Long-term recovery is not something that people who use alcohol and/or other drugs can aim for as they approach the end of their life. But we can learn much from the palliative care field about how to develop ideas about recovery that are more inclusive of all people using substances as well as the people who care for them. This chapter uses brief descriptions of people's lives to question how useful the concept of long-term recovery is for people with chronic health problems (especially those approaching the end of their lives). Drawing on lessons from palliative care, we argue that substance-use policy, commissioning and practice could become more inclusive by prioritising quality of life and the physical/mental well-being of people using substances, regardless of how close to death they are.

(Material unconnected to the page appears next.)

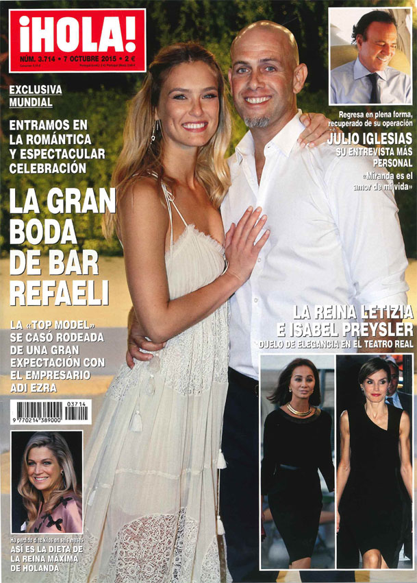 TEL AVIV – Bar Refaeli, prima foto delle nozze su Hola! La rivista spagnola ha pubblicato in esclusiva mondiale il primo scatto relativo al matrimonio della modella israeliana e del marito, Adi Ezra, che ha avuto luogo in Israele lo scorso 24 settembre.

Palliative care is defined as ‘The active holistic care of patients with advanced, progressive illness. Management of pain and other symptoms and provision of psychological, social and spiritual support is paramount. The goal of palliative care is achievement of the best quality of life for patients and their families’ (National Institute for Health and Care Excellence (NICE), 2021). It is both a medical speciality and a social movement that aims to improve the care of people who are dying by constantly evolving to meet each individual's changing support needs and maximising their quality of life (Graham and Clark, 2008). Ideally, palliative care commences early on after a life-shortening condition is diagnosed. It runs alongside active treatment, becoming the more prominent aspect of care as the individual becomes progressively more ill. The core ideas used to develop palliative care – focussing on immediate, day-by-day quality of life and attending to both the individual and social/familial aspects of a person's life in a holistic manner – complement current thinking about substance-use recovery. In this chapter, we describe how the concept of recovery could be improved by integrating palliative care approaches within it, thereby achieving a more finely tuned and dynamic balance between health and social care.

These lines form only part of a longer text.